NEW YORK (Reuters Health) - Emphasizing the adverse effects tanning has on one's appearance may be just the trick for reducing the amount of time young women spend in tanning salons, new research findings suggest.
Exposure to UV rays increases the risk of skin cancer. What's more, some studies have suggested that overexposure to artificial UV rays increases an individual's risk of melanoma, the deadliest form of skin cancer, although not all studies have shown the same link.
While skin cancer education groups have spent a lot of time and energy educating the public about the health risks associated with tanning, both indoors and out, their efforts appear to have had little impact as the rates of skin cancer continue to rise. And, to their dismay, the popularity of tanning salons does not appear to be waning.
Taking a different tack, lead investigator Dr. Joel J. Hillhouse of East Tennessee State University in Johnson City decided to see if women who frequented tanning salons would stop or reduce their tanning habits after participating in an education campaign. The campaign focused on the harm that tanning can cause to their appearance, such as rapid aging, rather than the risks of skin cancer.

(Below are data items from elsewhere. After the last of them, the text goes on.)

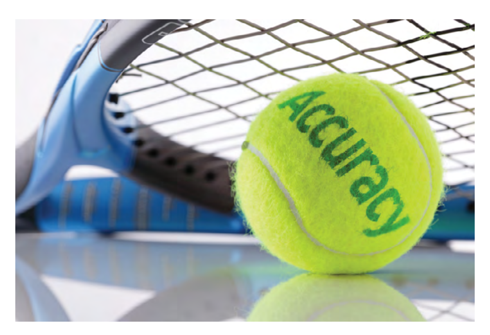
Are you an accuracy ace?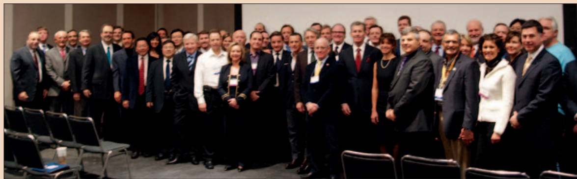
Members and Associates of Dentcubator gathered in New York.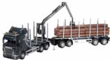
SCANIA R 620 6x4 Highline timber truck with trailer. Scale 1:25.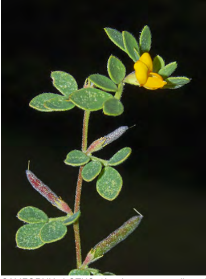
CALIFORNIA LOTUS (Acmispon wrangelianus) Native Annual - Pea Family - (Mar–Jun) -Abundant. Coastal bluffs, chaparral, disturbed areas - Low growing. Flowers yellow aging red, 0.2-0.4" long, almost stemless. Bract lobes same length as flower tube.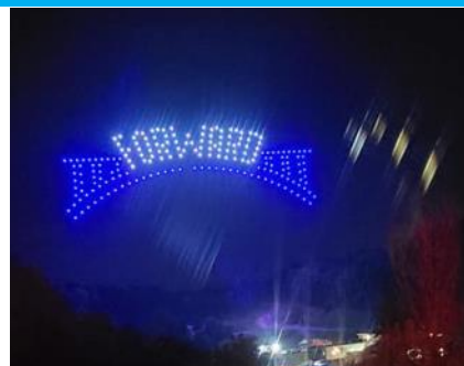
A shot of the Jambo Drone Show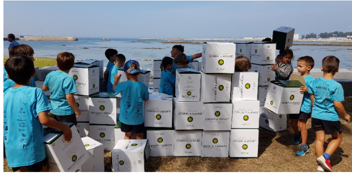
Figure 12. Transforming the city working with 3d elements. Workshop: "The City of Tomorrow, Cambados".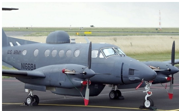
Beech King Air 300 Cockpit HeatShields, Engine Plugs, Prop Ties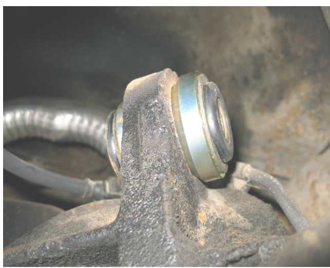
Figure 3 – Replacement Bushing Installed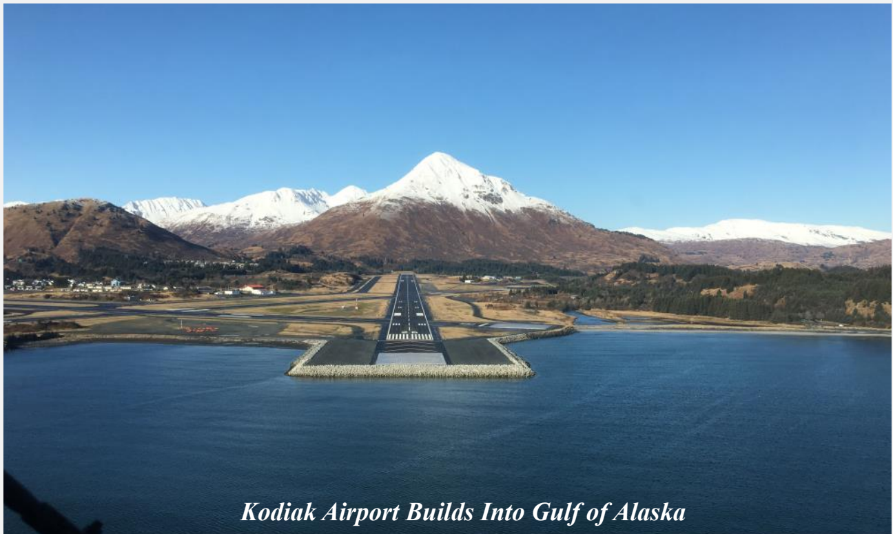
Kodiak Airport Builds Into Gulf of Alaska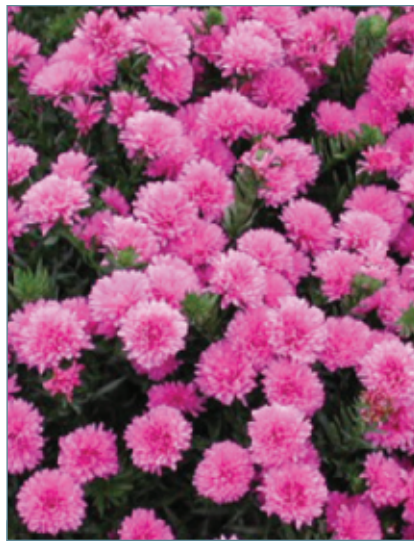
Royalty Pink Henry III

Pink Henry III is part of the Royalty series. This 1½-inch, double-flowered aster is rich pink. Plants are a few days later than Marie III, so they are a more precise match to Henry III.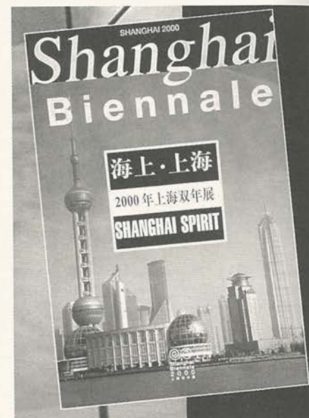
Fig. 19 Third Shanghai Biennale, November 2000-January 2001

Writing in the August issue of the Journal of Behavioral Medicine, Hillhouse and co-author Rob Turrisi of Boise State University in Idaho report on their study of 147 female college students.
All of the women in the study reported that they frequented tanning salons on a monthly basis and averaged about 37 visits to a tanning salon each year--an amount of time that "plainly increases" their risk of developing skin cancer later in life, the authors point out.

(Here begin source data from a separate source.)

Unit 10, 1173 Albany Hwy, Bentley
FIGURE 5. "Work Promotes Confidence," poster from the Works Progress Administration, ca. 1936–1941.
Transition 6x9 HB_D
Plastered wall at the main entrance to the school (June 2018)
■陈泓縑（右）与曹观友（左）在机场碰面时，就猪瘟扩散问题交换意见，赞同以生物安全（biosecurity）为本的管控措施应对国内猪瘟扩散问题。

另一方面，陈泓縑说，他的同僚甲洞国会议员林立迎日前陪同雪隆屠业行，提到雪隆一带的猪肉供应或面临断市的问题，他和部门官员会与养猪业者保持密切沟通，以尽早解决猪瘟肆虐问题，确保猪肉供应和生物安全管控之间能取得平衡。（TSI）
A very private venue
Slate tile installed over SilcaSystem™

In the study, half of the women received an 11-page booklet that emphasized the appearance-damaging effects of indoor tanning while the other women got nothing.
Two months later, all of the women were interviewed again about their tanning salon habits. The women who had received the informative booklet had reduced their visits to tanning salons by half compared with the women who did not get the booklet, according to Hillhouse and Turrisi.
"This appearance-based intervention was able to produce clinically significant changes in indoor tanning use tendencies that could have a beneficial effect on the future development of skin cancer," the researchers conclude.